(Directions) Transcribe the entries below exactly, starting with the line that has "змнной шар в" and stopping after the line that has "Cambios diarios sobre"; no pictures belong in the copy.

(Available data)
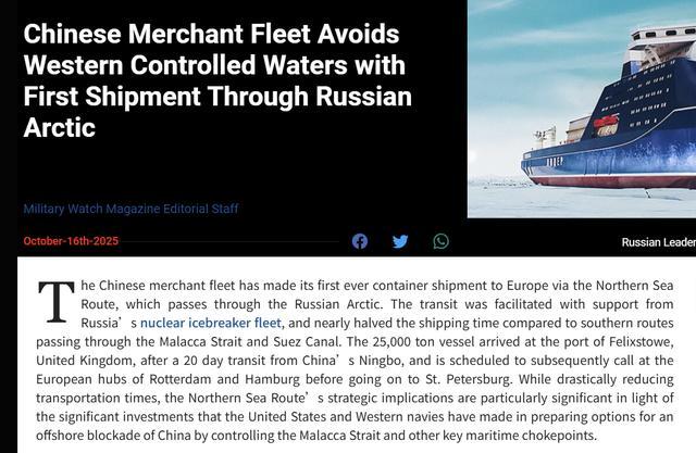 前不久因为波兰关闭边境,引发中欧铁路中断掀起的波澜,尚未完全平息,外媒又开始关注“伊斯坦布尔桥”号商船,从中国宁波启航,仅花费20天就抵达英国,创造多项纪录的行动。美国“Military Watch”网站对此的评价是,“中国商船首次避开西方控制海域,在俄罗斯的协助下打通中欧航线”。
==
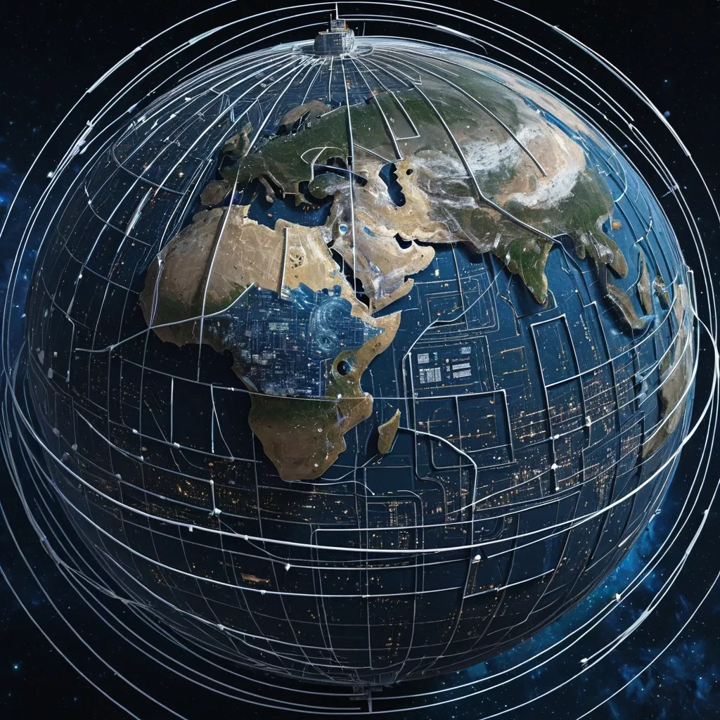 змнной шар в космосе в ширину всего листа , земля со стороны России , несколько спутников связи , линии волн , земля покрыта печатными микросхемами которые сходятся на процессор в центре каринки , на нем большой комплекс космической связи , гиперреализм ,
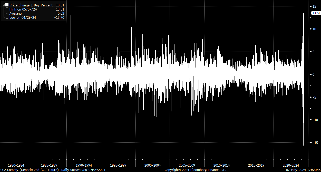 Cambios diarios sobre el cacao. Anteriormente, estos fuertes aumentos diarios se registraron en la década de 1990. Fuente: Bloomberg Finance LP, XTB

(Exercise result)
 змнной шар в космосе в ширину всего листа , земля со стороны России , несколько спутников связи , линии волн , земля покрыта печатными микросхемами которые сходятся на процессор в центре каринки , на нем большой комплекс космической связи , гиперреализм ,
 Cambios diarios sobre el cacao. Anteriormente, estos fuertes aumentos diarios se registraron en la década de 1990. Fuente: Bloomberg Finance LP, XTB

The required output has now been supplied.